Hello, dear friend, you can consult us at any time if you have any questions, add WeChat: daixieit

Calculate Huffman Coding Length

In this problem, you are required to solve a problem related to huffman coding.

Recall: Huffman coding is a lossless data compression algorithm that assigns variable-length codes to characters based on their frequency of occurrence in the input. An efficient algorithm for generating it is related to the priority queue and covered in course slides.

The files attached to this problem are shown as follows. We provide a test to help you check your code.

1 .

2 └── attachments/

3    ├── tests/

4    │ └── test_huffman.cpp

5    └── huffman_calculator.hpp

NOTE:

1. You should NEVER use std::priority_queue , std::map , std::set , std::multimap , std::multiset or call heap related functions like std::make_heap() .

2. In the question, you should write a more optimal algorithm that brute-force Huffman tree building to pass all tests.

Requirements:

Your task is to complete the function size_t get_huffman_length(const std::vector> &data) in huffman_calculator.hpp .

Description

Assume that we have a sequence:

1   i a u e i y a a e a o o a a i e a

Count the occurrence of each character:

character             occurrence

a                         7

e                         3

i                          3

o                         2

u                         1

y                          1

Then we generate the huffman tree (a possible solution):

Hence, we can shorten the sequence into the following format (ignore the space of storing the huffman tree):

1      110010011111101000001110101101001101110

With Huffman Coding, the sequence can be shortened to length 39 (binary).

Parameter data

In this question, we help you to ignore the process of dealing the bunch of text .

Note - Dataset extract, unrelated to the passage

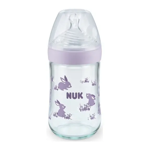 Nuk Γυάλινο Μπιμπερό Nature Sense με Θηλή Σιλικόνης 240ml για 0-6 μηνών Με θηλή από σιλικόνη, υλικό άοσμο, άγευστο και ανθεκτικό στη θερμοκρασία. Τα γυάλινα μπιμπερό είναι πιο εύκολα στον καθαρισμό

Instead, we directly give you some pairs.

The first number (of type size_t , named occurrence) indicate a possible number of occurrence of the character.

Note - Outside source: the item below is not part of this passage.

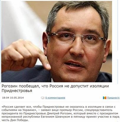 «Η Ρωσία θα κάνει τα πάντα για να μην απομονωθεί η Υπερδνειστερία σε σχέση με τα γεγονότα στην Ουκρανία», δήλωσε ο αναπληρωτής πρωθυπουργός της Ρωσίας και ειδικός απεσταλμένος του προέδρου, Ντμίτρι Ρογκόζιν, σχετικά με την Υπερδνειστερία, η οποία μαζί με τον πρόεδρο –της μη αναγνωρισμένης δημοκρατίας- τον Ευγκένι Σέβτσουκ, την Παρασκευή έλαβε μέρος στην παρέλαση προς τιμήν της Ημέρας της Νίκης.

Occurrence will always be a positive number.

The second number (of type size_t , named amount) indicate the number of characters satisfies the number of occurrences given by the first number.

Amount will always be a positive number.

In the example above, we have characters with occurrences (7, 3, 3, 2, 1, 1) .

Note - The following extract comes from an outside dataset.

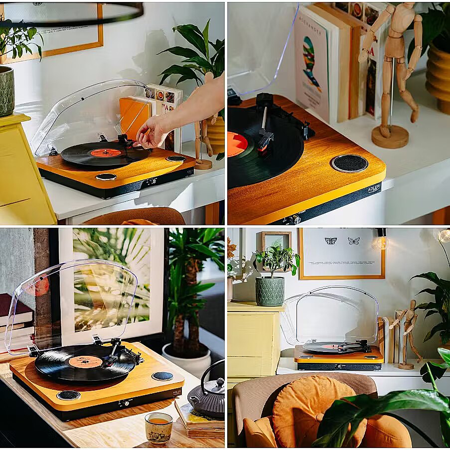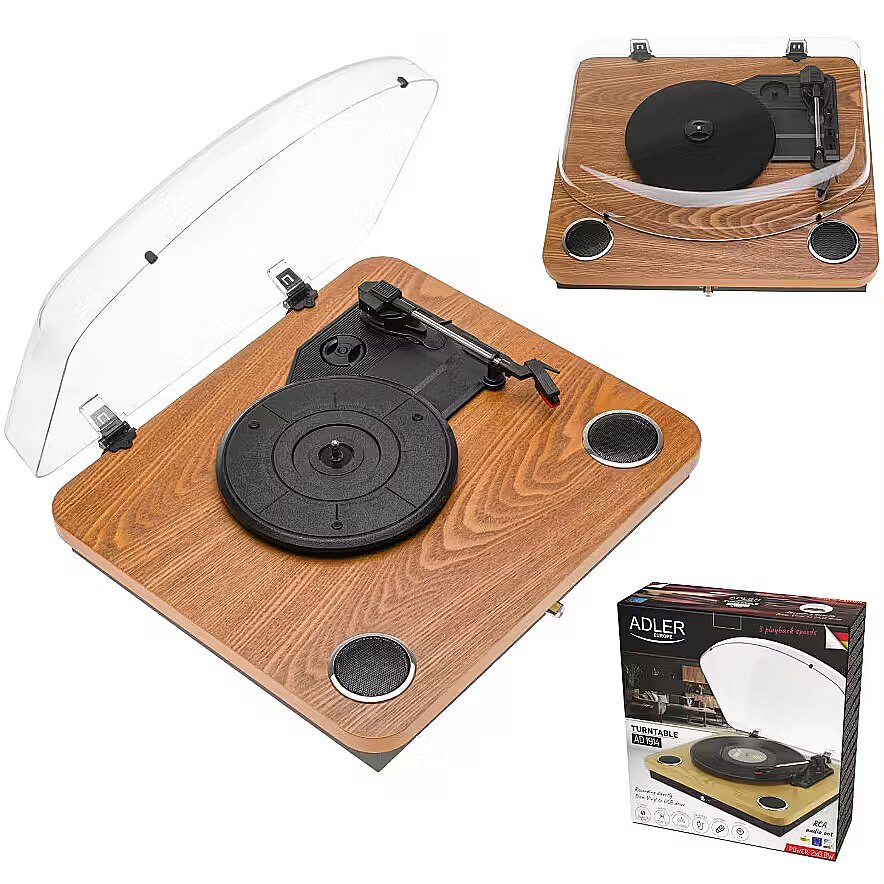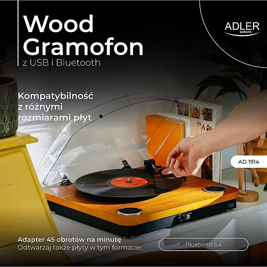 Description - Odkryj magię analogowego dźwięku w nowoczesnym wydaniu! Adler AD 1914 to elegancki gramofon, który łączy klasyczne brzmienie płyt winylowych z nowoczesnymi funkcjami, takimi jak Bluetooth 5.4 i nagrywanie na USB. Idealny dla miłośników muzyki, którzy cenią zarówno styl, jak i funkcjonalność. Główne cechy: Obsługa trzech prędkości - odtwarza płyty z prędkością 33 1/3, 45 i 75 obrotów na minutę, dzięki czemu możesz cieszyć się każdą kolekcją winyli. Kompatybilność z różnymi rozmiarami płyt - obsługuje winyle 7, 10, i 12. Wbudowane głośniki stereo - moc 2 x 0,8 W zapewnia czysty i przyjemny dźwięk. Odtwarzanie przez Bluetooth 5.4 - przesyłaj muzykę bezprzewodowo z telefonu, tabletu lub laptopa. Nagrywanie na USB - digitalizuj swoje ulubione winyle i zapisuj pliki bezpośrednio na pendrive. Wysokiej jakości wkładka ceramiczna - zapewnia precyzyjne odczytywanie dźwięku i dłuższą żywotność. Wyjście RCA - możliwość podłączenia gramofonu do zewnętrznych głośników lub systemu audio. Napęd paskowy i automatyczne zatrzymanie ramienia - dla stabilnej i płynnej pracy. W zestawie: Mata antypoślizgowa - ochrona dla Twoich płyt i lepsza jakość dźwięku. Adapter 45 obrotów na minutę - odtwarzaj także płyty w tym formacie. Stylowy design sprawia, że gramofon Adler AD 1914 - doskonale wpasuje się w każde wnętrze - zarówno klasyczne, jak i nowoczesne. Ciesz się ulubioną muzyką w analogowej jakości i digitalizuj swoje kolekcje dzięki innowacyjnym funkcjom.

So the data we pass to you in this example will be: [(7, 1), (3, 2), (2, 1), (1, 2)]

Return value

You need to return the length of the Huffman encoded sequence.

In this example, the return value is 39 .

Misc.

For your convenience, all the pairs we provide are guaranteed to have different occurrences.

We also guarantee that the sum of amount is larger than 1.

When iterating through the std::map , the order is NOT guaranteed to be sorted by any means.

Hint

The pair (10, 10) is somehow "equivalent" to (20, 5) .

You can calculate the return value in the process of building the huffman tree.